**AIM OF THE EXERCISE**
An exact copy is needed of the lines in the entries below from the line with "管理者通过自然语言交互提问,AI协管人自" up to and including the line with "The Dremel S545", and of nothing else. Leave the pictures out.

SUPPLIED DATA START

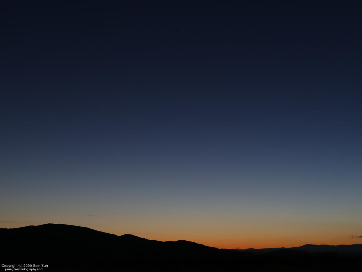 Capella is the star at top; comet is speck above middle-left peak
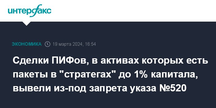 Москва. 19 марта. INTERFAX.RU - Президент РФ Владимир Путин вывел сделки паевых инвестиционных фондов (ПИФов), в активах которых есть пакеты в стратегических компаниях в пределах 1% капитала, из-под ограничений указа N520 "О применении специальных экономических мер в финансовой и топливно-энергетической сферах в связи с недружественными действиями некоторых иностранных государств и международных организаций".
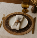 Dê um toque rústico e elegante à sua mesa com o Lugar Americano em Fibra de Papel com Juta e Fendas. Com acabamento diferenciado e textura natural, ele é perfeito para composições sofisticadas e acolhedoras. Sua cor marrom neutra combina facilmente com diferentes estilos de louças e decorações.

SUPPLIED DATA END
SUPPLIED DATA START

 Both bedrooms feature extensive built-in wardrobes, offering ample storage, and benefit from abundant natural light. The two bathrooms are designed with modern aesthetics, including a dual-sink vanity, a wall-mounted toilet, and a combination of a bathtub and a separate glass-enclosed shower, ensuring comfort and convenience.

SUPPLIED DATA END
SUPPLIED DATA START

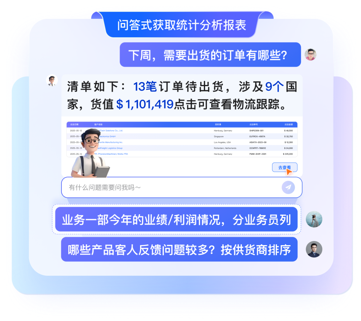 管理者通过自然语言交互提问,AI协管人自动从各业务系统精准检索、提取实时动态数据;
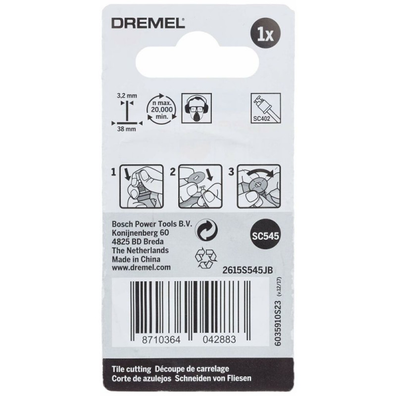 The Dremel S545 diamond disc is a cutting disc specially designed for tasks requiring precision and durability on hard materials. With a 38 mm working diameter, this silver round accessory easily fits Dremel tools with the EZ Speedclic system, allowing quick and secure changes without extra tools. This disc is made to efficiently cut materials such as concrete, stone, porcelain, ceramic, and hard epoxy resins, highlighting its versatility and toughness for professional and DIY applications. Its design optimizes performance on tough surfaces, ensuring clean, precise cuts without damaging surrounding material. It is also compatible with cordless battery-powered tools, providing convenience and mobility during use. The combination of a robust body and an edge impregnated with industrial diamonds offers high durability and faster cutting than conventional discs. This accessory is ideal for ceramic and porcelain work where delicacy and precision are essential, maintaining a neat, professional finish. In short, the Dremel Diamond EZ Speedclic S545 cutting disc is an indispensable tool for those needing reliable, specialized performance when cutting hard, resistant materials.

SUPPLIED DATA END

**SOLVED EXERCISE**
 管理者通过自然语言交互提问,AI协管人自动从各业务系统精准检索、提取实时动态数据;
 The Dremel S545 diamond disc is a cutting disc specially designed for tasks requiring precision and durability on hard materials. With a 38 mm working diameter, this silver round accessory easily fits Dremel tools with the EZ Speedclic system, allowing quick and secure changes without extra tools. This disc is made to efficiently cut materials such as concrete, stone, porcelain, ceramic, and hard epoxy resins, highlighting its versatility and toughness for professional and DIY applications. Its design optimizes performance on tough surfaces, ensuring clean, precise cuts without damaging surrounding material. It is also compatible with cordless battery-powered tools, providing convenience and mobility during use. The combination of a robust body and an edge impregnated with industrial diamonds offers high durability and faster cutting than conventional discs. This accessory is ideal for ceramic and porcelain work where delicacy and precision are essential, maintaining a neat, professional finish. In short, the Dremel Diamond EZ Speedclic S545 cutting disc is an indispensable tool for those needing reliable, specialized performance when cutting hard, resistant materials.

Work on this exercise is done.